→ TASK REQUIREMENTS
Restate word for word the part of the material that runs from the line containing "Koło posiada piastę" through its final line, inclusive, minus the pictures.
Segment Start: MATERIAL SHOWN
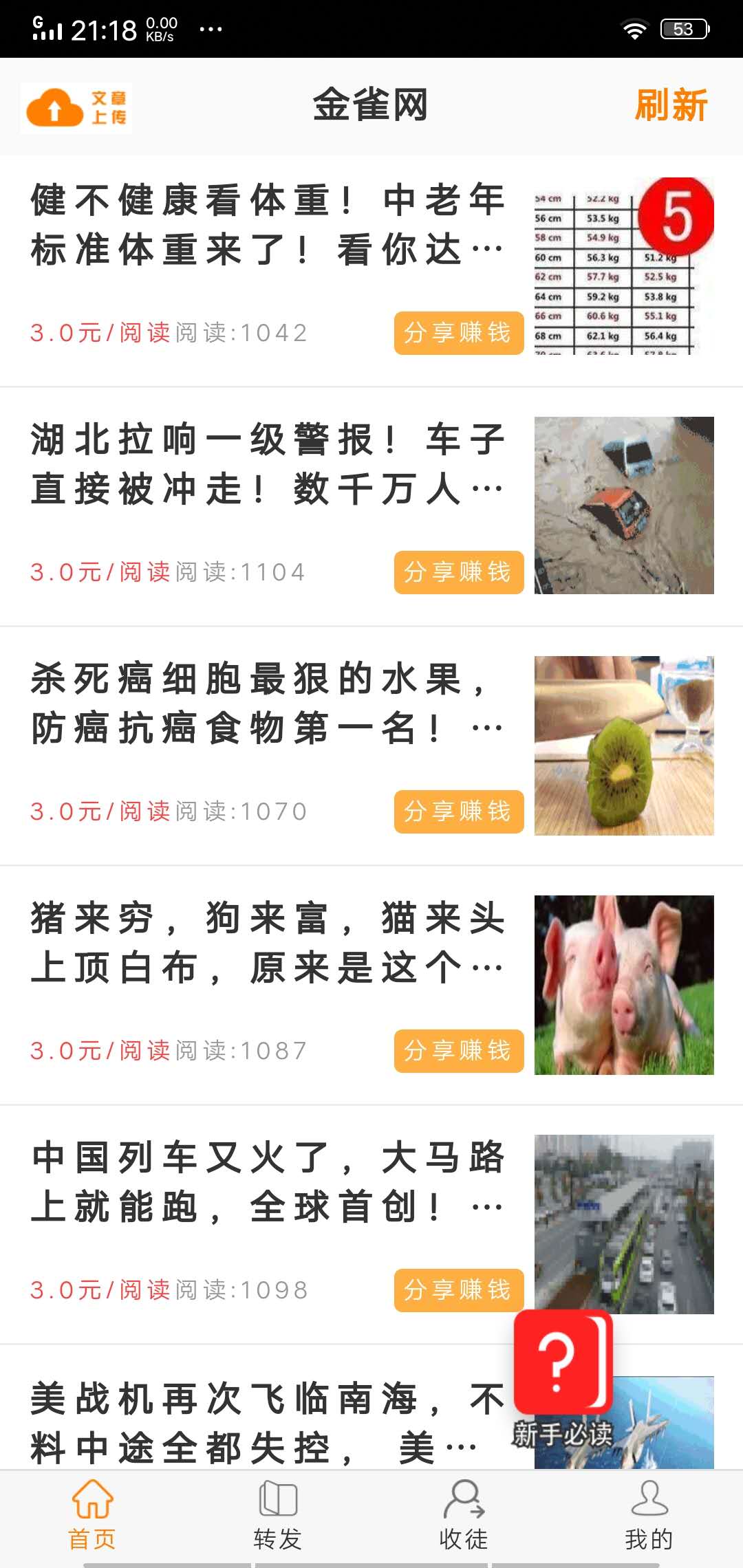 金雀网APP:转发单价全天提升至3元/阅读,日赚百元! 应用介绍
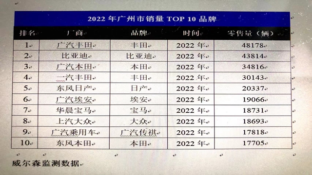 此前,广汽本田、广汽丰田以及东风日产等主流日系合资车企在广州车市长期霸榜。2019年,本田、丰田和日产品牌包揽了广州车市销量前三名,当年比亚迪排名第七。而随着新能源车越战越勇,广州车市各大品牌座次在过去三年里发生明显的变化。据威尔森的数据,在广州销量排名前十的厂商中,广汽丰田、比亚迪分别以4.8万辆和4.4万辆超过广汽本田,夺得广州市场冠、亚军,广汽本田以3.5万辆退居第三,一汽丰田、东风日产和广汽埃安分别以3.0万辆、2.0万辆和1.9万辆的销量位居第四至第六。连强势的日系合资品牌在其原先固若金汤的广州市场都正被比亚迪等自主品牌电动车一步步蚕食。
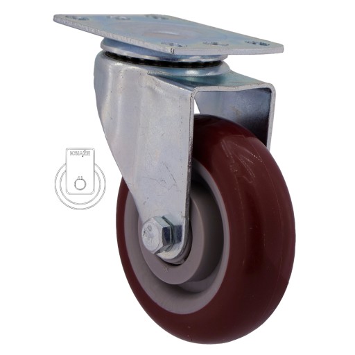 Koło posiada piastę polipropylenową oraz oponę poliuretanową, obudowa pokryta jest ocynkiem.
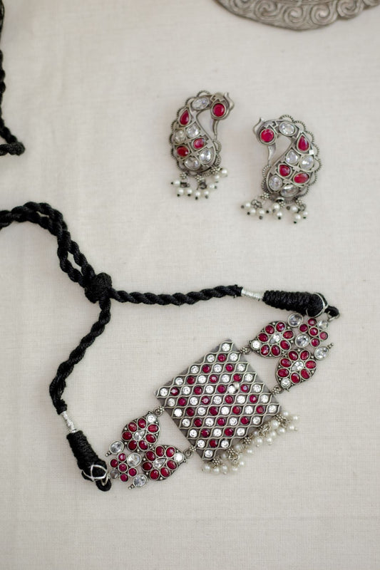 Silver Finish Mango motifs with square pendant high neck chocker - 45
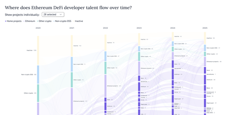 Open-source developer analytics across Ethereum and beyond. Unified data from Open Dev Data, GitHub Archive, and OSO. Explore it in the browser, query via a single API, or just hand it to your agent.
Segment End: MATERIAL SHOWN
→ FINISHED TASK
 Koło posiada piastę polipropylenową oraz oponę poliuretanową, obudowa pokryta jest ocynkiem.
 Silver Finish Mango motifs with square pendant high neck chocker - 45
 Open-source developer analytics across Ethereum and beyond. Unified data from Open Dev Data, GitHub Archive, and OSO. Explore it in the browser, query via a single API, or just hand it to your agent.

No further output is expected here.